Exercise goal >>
Return the material below exactly, but only from the line with "康方生物聯(lián)合創(chuàng" through the line with "Perfect for audiophiles", and without its pictures.

Data provided >>
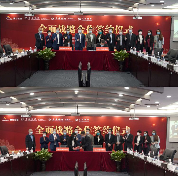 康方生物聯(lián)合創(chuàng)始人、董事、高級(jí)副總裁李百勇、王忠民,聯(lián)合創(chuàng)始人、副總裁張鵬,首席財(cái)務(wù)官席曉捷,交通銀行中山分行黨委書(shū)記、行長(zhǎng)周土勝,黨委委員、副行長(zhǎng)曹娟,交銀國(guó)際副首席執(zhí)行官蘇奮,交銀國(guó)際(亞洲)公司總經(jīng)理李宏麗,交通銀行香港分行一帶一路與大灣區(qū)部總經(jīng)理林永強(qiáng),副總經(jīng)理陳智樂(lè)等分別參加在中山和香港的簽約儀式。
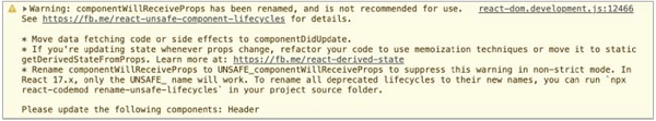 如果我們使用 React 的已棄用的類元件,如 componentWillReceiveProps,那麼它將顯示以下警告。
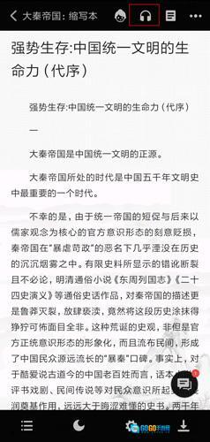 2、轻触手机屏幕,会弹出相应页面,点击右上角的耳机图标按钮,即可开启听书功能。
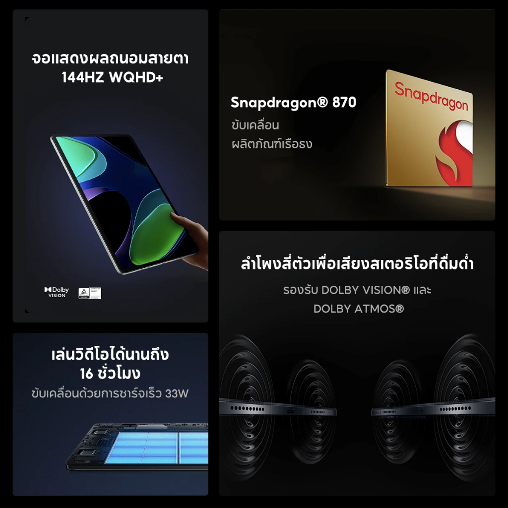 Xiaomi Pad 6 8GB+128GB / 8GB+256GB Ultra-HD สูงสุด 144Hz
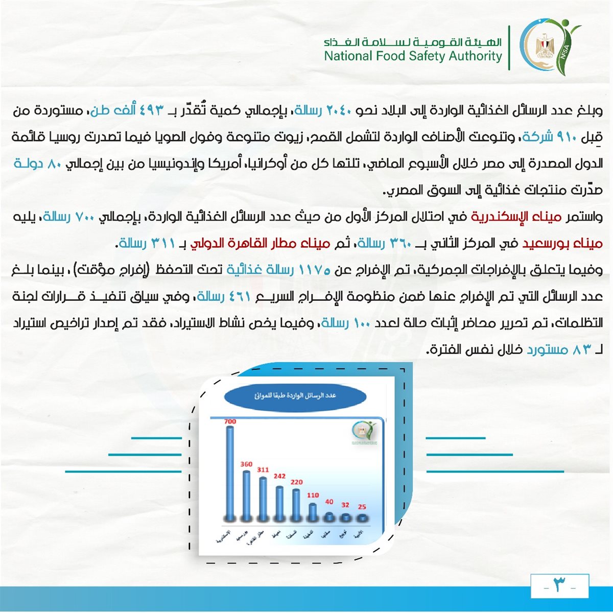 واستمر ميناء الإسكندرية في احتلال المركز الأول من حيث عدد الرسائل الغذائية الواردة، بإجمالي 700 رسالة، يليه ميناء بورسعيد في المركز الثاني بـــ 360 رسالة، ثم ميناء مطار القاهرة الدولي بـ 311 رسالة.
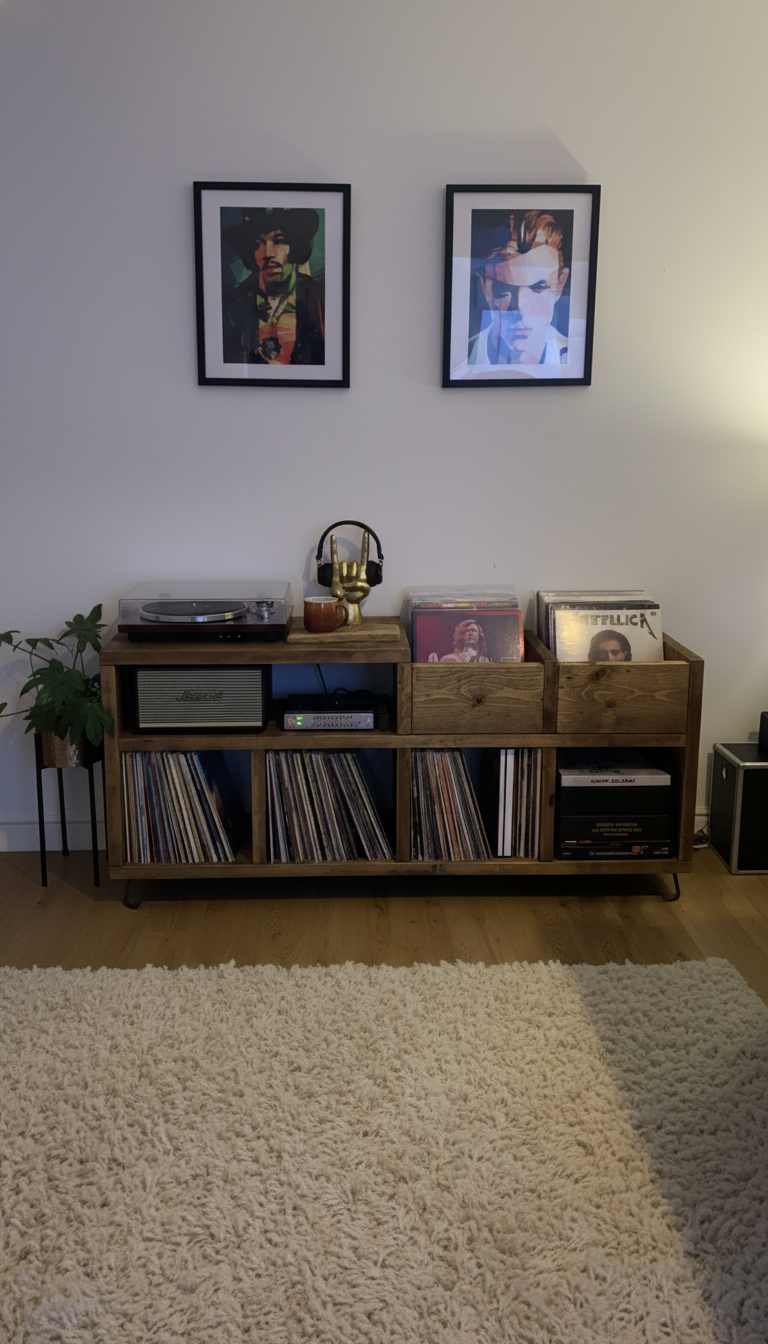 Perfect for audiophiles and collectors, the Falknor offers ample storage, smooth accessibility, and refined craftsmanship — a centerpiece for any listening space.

* * *

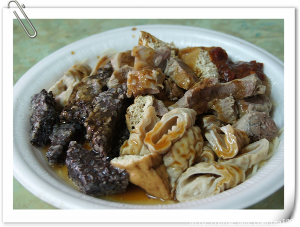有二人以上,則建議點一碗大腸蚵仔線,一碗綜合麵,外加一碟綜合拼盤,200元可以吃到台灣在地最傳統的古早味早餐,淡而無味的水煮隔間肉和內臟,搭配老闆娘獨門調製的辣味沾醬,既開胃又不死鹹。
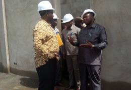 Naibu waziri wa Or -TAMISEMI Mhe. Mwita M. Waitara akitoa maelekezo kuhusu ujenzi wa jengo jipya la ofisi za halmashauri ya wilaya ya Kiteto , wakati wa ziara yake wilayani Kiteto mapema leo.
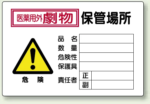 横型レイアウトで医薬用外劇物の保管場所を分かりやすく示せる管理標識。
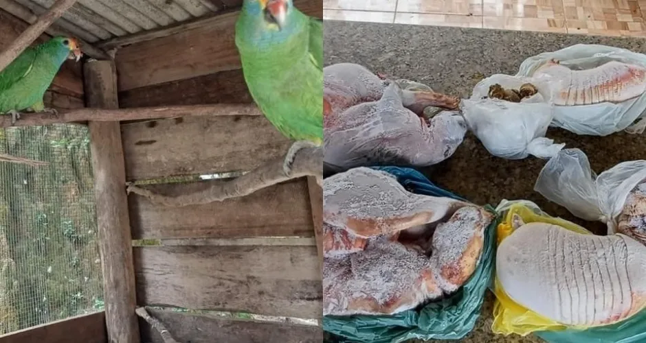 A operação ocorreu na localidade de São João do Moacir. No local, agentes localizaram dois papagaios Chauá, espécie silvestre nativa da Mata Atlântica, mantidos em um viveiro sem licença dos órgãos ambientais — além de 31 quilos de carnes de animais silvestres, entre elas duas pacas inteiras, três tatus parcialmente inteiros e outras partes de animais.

==

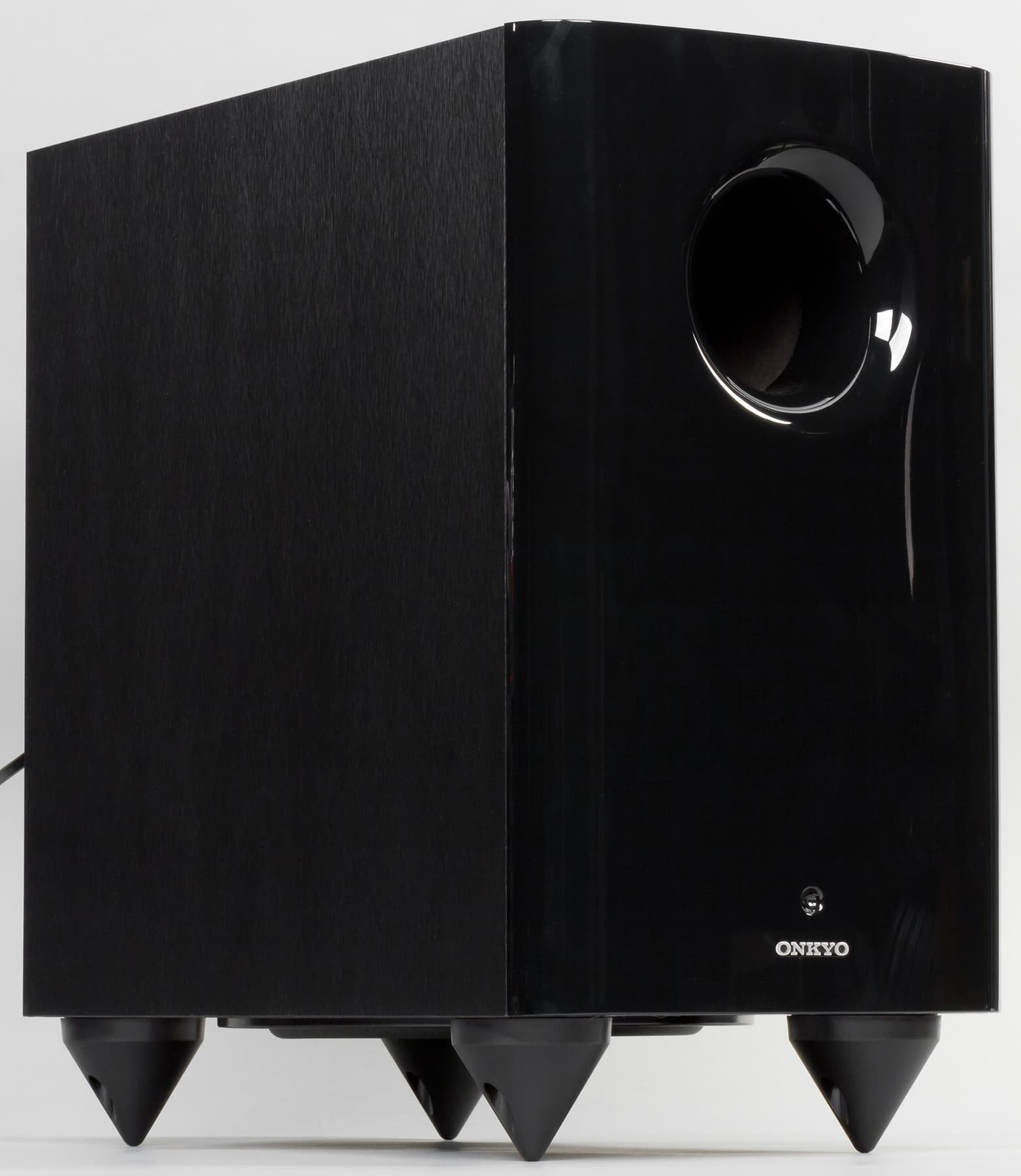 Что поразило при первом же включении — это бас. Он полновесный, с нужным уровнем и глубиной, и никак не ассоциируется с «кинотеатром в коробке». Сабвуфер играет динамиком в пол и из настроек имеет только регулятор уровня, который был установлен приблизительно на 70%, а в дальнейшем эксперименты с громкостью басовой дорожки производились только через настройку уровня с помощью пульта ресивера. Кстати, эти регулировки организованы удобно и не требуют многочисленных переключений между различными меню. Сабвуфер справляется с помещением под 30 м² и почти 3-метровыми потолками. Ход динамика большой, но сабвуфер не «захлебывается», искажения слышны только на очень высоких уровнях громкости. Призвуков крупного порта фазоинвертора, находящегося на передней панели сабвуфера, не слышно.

Answer to this task >>
 康方生物聯(lián)合創(chuàng)始人、董事、高級(jí)副總裁李百勇、王忠民,聯(lián)合創(chuàng)始人、副總裁張鵬,首席財(cái)務(wù)官席曉捷,交通銀行中山分行黨委書(shū)記、行長(zhǎng)周土勝,黨委委員、副行長(zhǎng)曹娟,交銀國(guó)際副首席執(zhí)行官蘇奮,交銀國(guó)際(亞洲)公司總經(jīng)理李宏麗,交通銀行香港分行一帶一路與大灣區(qū)部總經(jīng)理林永強(qiáng),副總經(jīng)理陳智樂(lè)等分別參加在中山和香港的簽約儀式。
 如果我們使用 React 的已棄用的類元件,如 componentWillReceiveProps,那麼它將顯示以下警告。
 2、轻触手机屏幕,会弹出相应页面,点击右上角的耳机图标按钮,即可开启听书功能。
 Xiaomi Pad 6 8GB+128GB / 8GB+256GB Ultra-HD สูงสุด 144Hz
 واستمر ميناء الإسكندرية في احتلال المركز الأول من حيث عدد الرسائل الغذائية الواردة، بإجمالي 700 رسالة، يليه ميناء بورسعيد في المركز الثاني بـــ 360 رسالة، ثم ميناء مطار القاهرة الدولي بـ 311 رسالة.
 Perfect for audiophiles and collectors, the Falknor offers ample storage, smooth accessibility, and refined craftsmanship — a centerpiece for any listening space.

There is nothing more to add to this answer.